I was, and still am, running away from the person to whom (in a sealed envelope, a bulky carton, a gift-wrapped package) I had addressed my life. The name on the address is simply “you,” partly because I still can’t bear to name you specifically, and partly because I am beginning to suspect that you are not an individual at all but a composite of many individuals;... that your characteristics, unlike your thumbprint, are not unique to you but are those of an ethic, a way of oblivion, what Mann calls “an unconscious type,” which I must either escape from or pledge myself to destroy.
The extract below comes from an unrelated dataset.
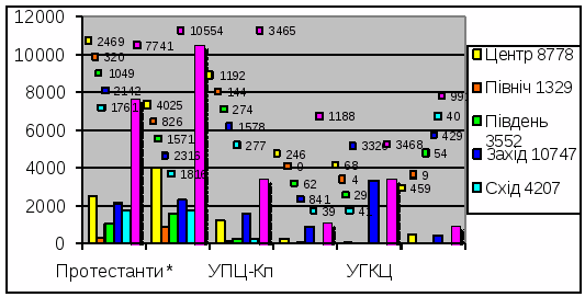 Таким чином, питома вага протестантів у загальній масі віруючих різних церков України набагато менше питомої ваги створених ними громад у загальноукраїнській конфесіональній конфігурації. Якщо порівняти, скажемо, офіційні повідомлення Всеукраїнського Союзу ЕХБ, Уніонної конференції АСД України і верховного архієпископа УГКЦ, то на одну баптистську громаду приходиться 59 членів, на одну адвентистську – 106, а на один прихід Івано-Франківської єпархії УГКЦ – відповідно до церковного (нехай і серйозно завищеної) статистикою – 1072 вірних, Львівський архієпархії – 2462, Тернопільско-Зборовскій – 757 [20;83-86-89]. Це, як бачимо, цифри різного порядку, навіть якщо погодитися, що для дуже багатьох осіб декларування своєї приналежності до церков більшості – досить формальний акт. У 1985 р. на 10 тис. міського населення України припадало 29 членів протестантських громад, на 10 тис. сільського – 43. В наступні роки ситуація, звичайно, змінювалася, але не радикально. Наприклад, протягом 4 років (1994–1997 р.) кількість громад ВСОЕХБ виросло на 579, тобто майже в півтора рази. Збільшення ж членів братерства було менш динамічним – з 105807 до 120346, тобто на 20%.

Interestingly, parts of this are autobiographical. Like the narrator, Mortimer was raised by a minister, raised many children, and suffered depression.
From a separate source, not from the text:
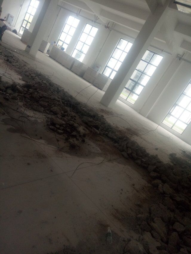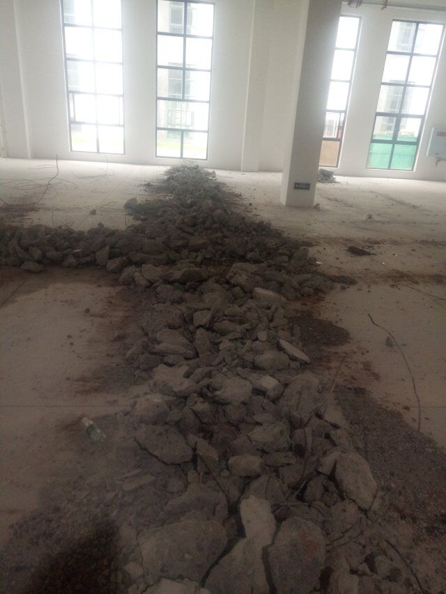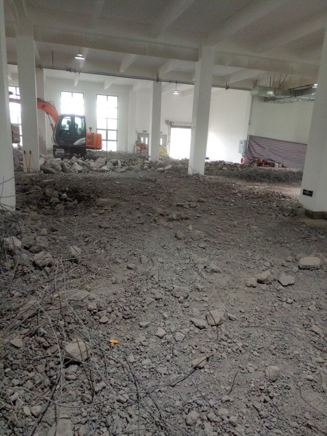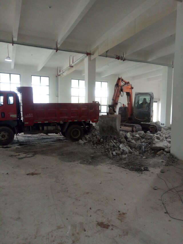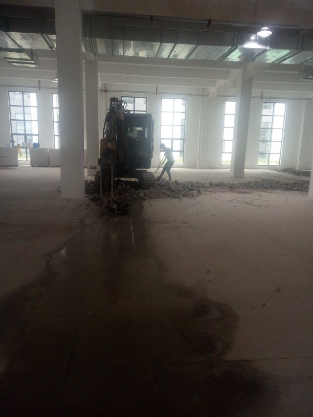 萬康川美食品工程有限公司廠房裝修現場,室內排水系統地面破碎完成

Is Long Distance her best book? it's a tough call for those who first read her masterpiece, The Pumpkin Eater, in which a woman with too many children continues to have them as a kind of despairing rebellion and defiance of the institution of marriage and a husband who, though tired of his domestic life, long ago shut her in “a pumpkin shell.” (This, by the way, was made into a perfect film starring Anne Bancroft, Peter Finch, and James Mason, with a screenplay by Harold Pinter.) In Daddy Goes a-Hunting, recently reissued by Persephone Books, the theme is similar. Long Distance does not hold up as well as her other work, yet at the same time I intend to read it again because there's so much in it. I feel the same way about Anna Kavan's Ice, a 1968 novel which survived oblivion by immediately being labeled science fiction.

I would recommend starting with her other books - then coming to this after becoming a Mortimer fan.